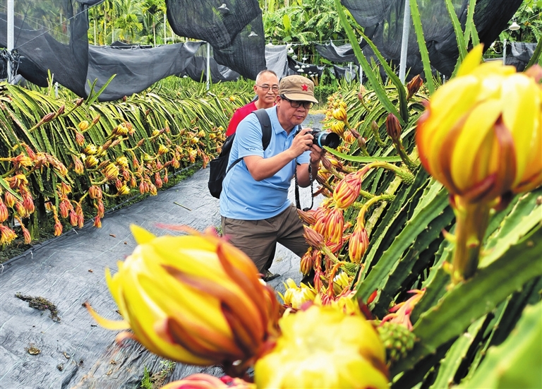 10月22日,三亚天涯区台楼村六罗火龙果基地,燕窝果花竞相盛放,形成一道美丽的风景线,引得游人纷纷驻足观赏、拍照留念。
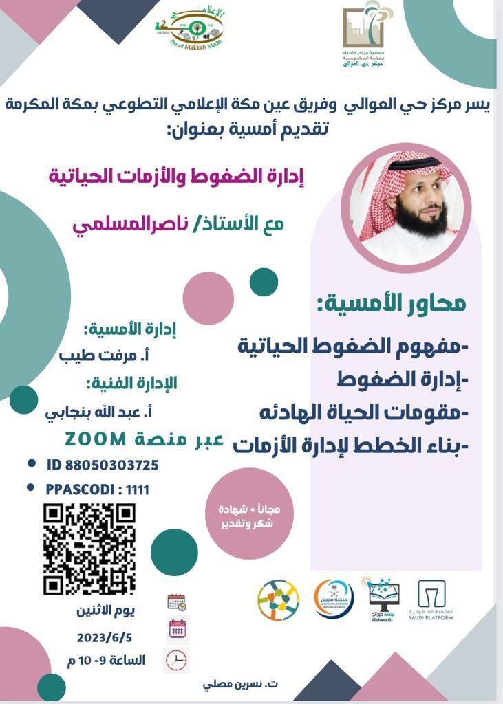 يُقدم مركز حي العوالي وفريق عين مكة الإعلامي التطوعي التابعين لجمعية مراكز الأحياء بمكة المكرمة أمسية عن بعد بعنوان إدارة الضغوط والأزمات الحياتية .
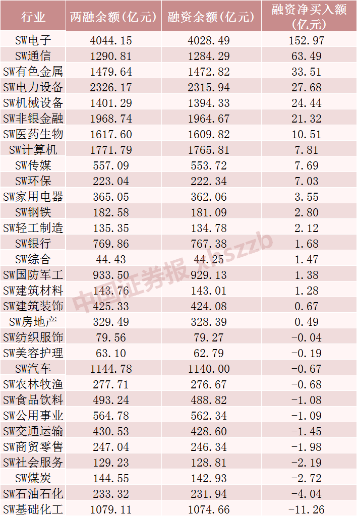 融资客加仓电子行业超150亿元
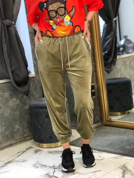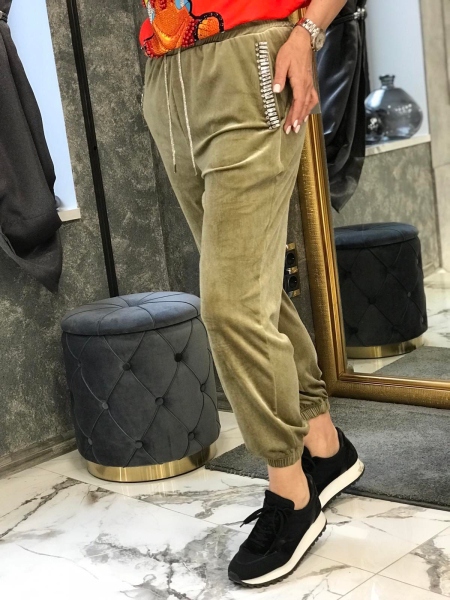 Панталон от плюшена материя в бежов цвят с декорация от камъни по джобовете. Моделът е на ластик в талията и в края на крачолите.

What to work on:
Transcribe the listing above verbatim. Omit the pictures.

The answer:
 10月22日,三亚天涯区台楼村六罗火龙果基地,燕窝果花竞相盛放,形成一道美丽的风景线,引得游人纷纷驻足观赏、拍照留念。
 يُقدم مركز حي العوالي وفريق عين مكة الإعلامي التطوعي التابعين لجمعية مراكز الأحياء بمكة المكرمة أمسية عن بعد بعنوان إدارة الضغوط والأزمات الحياتية .
 融资客加仓电子行业超150亿元
 Панталон от плюшена материя в бежов цвят с декорация от камъни по джобовете. Моделът е на ластик в талията и в края на крачолите.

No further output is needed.